▸ **Provided data**
......

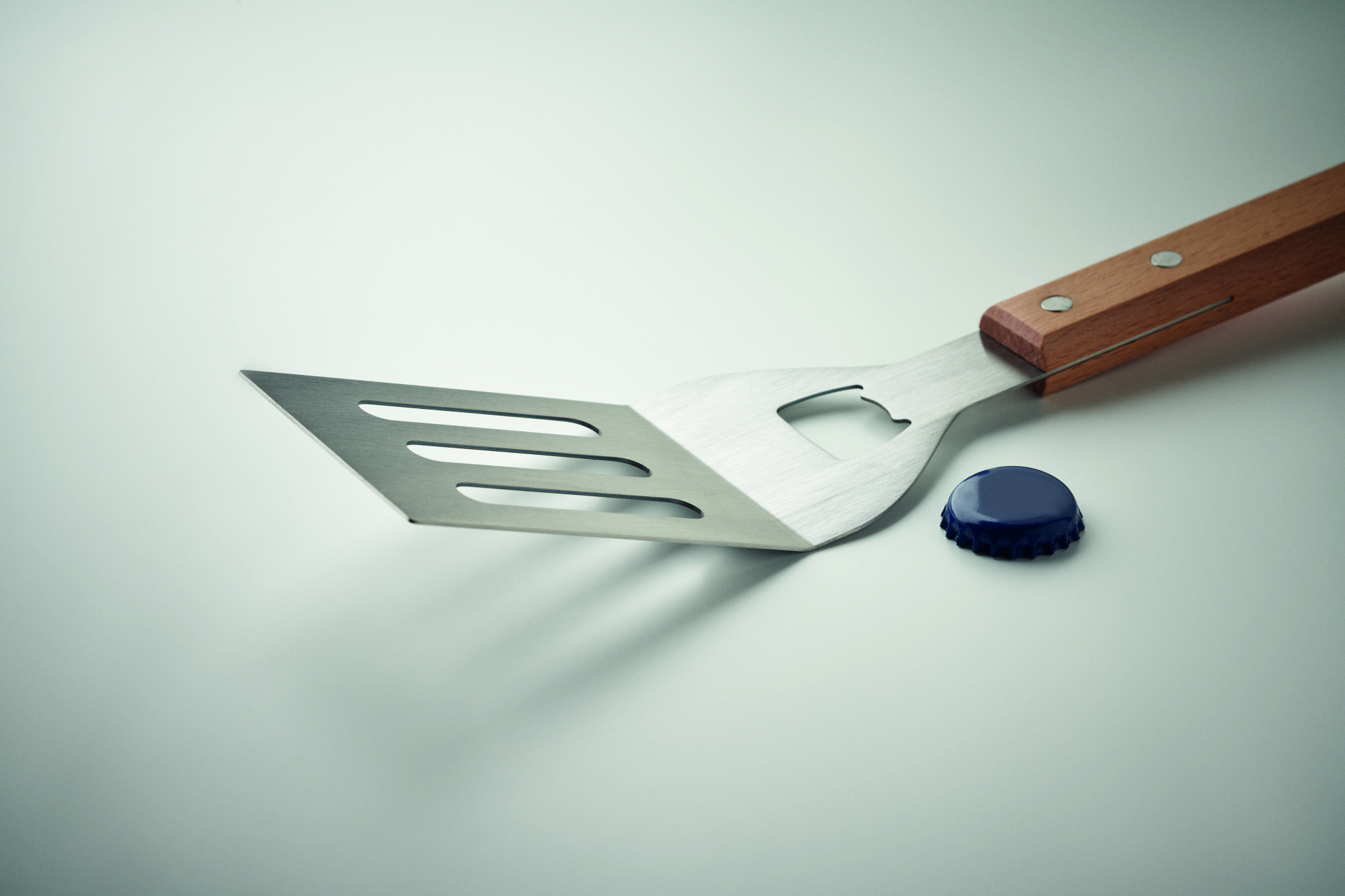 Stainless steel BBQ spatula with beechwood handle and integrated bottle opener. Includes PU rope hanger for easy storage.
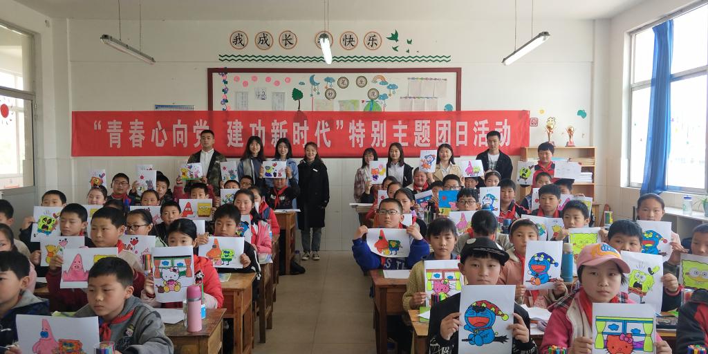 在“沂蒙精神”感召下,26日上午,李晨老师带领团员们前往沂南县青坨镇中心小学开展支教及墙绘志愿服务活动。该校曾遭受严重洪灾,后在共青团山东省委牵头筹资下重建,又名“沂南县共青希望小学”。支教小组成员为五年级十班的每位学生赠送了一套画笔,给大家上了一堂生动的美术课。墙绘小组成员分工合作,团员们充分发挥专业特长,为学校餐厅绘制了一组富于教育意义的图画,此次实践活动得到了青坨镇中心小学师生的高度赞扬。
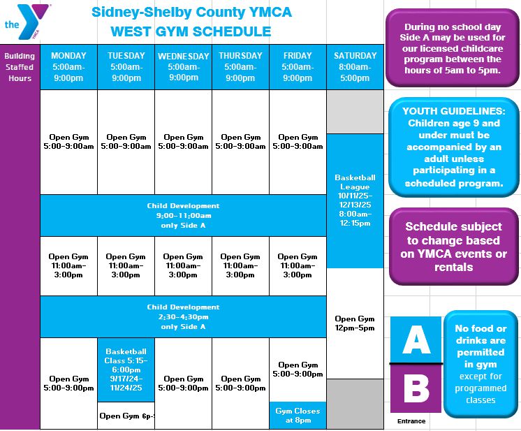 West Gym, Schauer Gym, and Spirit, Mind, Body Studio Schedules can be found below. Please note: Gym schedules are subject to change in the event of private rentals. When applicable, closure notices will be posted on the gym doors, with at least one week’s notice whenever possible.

......

▸ **Exercise objective**
Write out the data exactly, and exclude every picture it holds.

▸ **Expected output**
 Stainless steel BBQ spatula with beechwood handle and integrated bottle opener. Includes PU rope hanger for easy storage.
 在“沂蒙精神”感召下,26日上午,李晨老师带领团员们前往沂南县青坨镇中心小学开展支教及墙绘志愿服务活动。该校曾遭受严重洪灾,后在共青团山东省委牵头筹资下重建,又名“沂南县共青希望小学”。支教小组成员为五年级十班的每位学生赠送了一套画笔,给大家上了一堂生动的美术课。墙绘小组成员分工合作,团员们充分发挥专业特长,为学校餐厅绘制了一组富于教育意义的图画,此次实践活动得到了青坨镇中心小学师生的高度赞扬。
 West Gym, Schauer Gym, and Spirit, Mind, Body Studio Schedules can be found below. Please note: Gym schedules are subject to change in the event of private rentals. When applicable, closure notices will be posted on the gym doors, with at least one week’s notice whenever possible.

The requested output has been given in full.